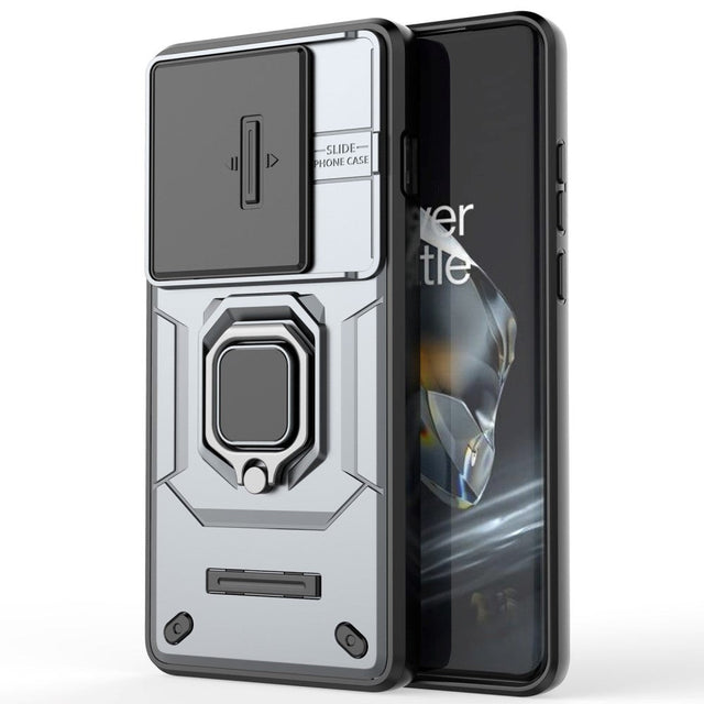 OnePlus 12 Håndværker Bagside Cover m. Magnetisk Kickstand & Cam Slider - Grå
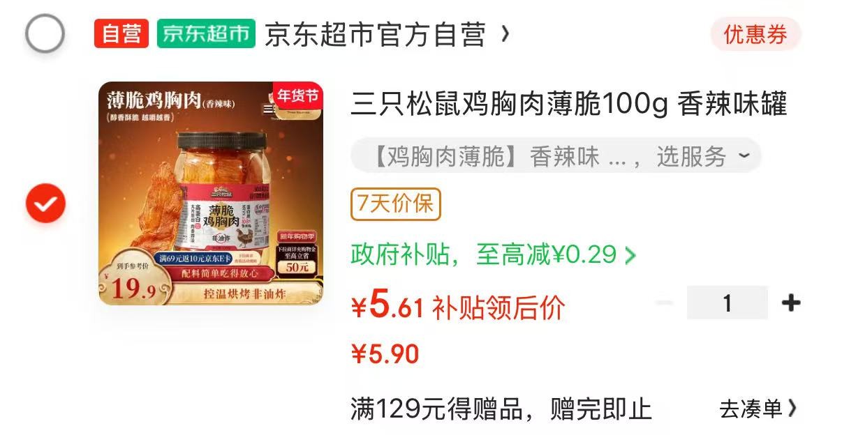 三只松鼠 鸡胸肉薄脆100g【5.9】
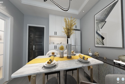 ? 大理石帶紋路的白色餐桌,淺灰色的椅凳設計旁邊有一個長方形的邊柜,矮邊柜下邊是收納上邊是置物臺可以放置很多小物件、
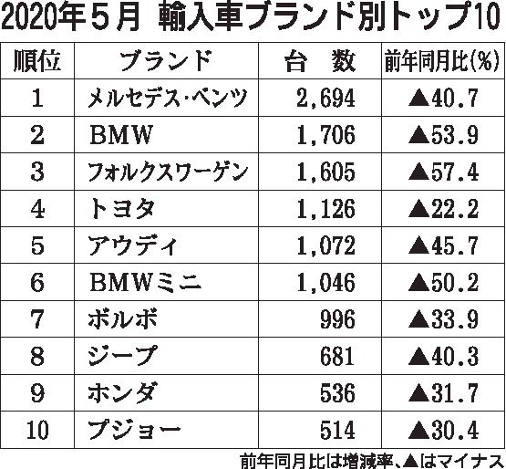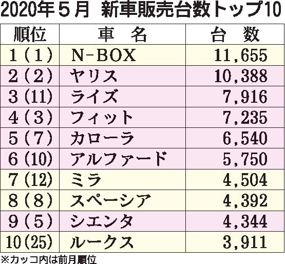 2020年5月の車名別新車販売、登録車が2~6位占める 軽は大幅減目立つ

* * *

__Description of the task__: Send back every line of the listing exactly. Omit the images.

__Answer to the exercise__:
 OnePlus 12 Håndværker Bagside Cover m. Magnetisk Kickstand & Cam Slider - Grå
 三只松鼠 鸡胸肉薄脆100g【5.9】
 ? 大理石帶紋路的白色餐桌,淺灰色的椅凳設計旁邊有一個長方形的邊柜,矮邊柜下邊是收納上邊是置物臺可以放置很多小物件、
 2020年5月の車名別新車販売、登録車が2~6位占める 軽は大幅減目立つ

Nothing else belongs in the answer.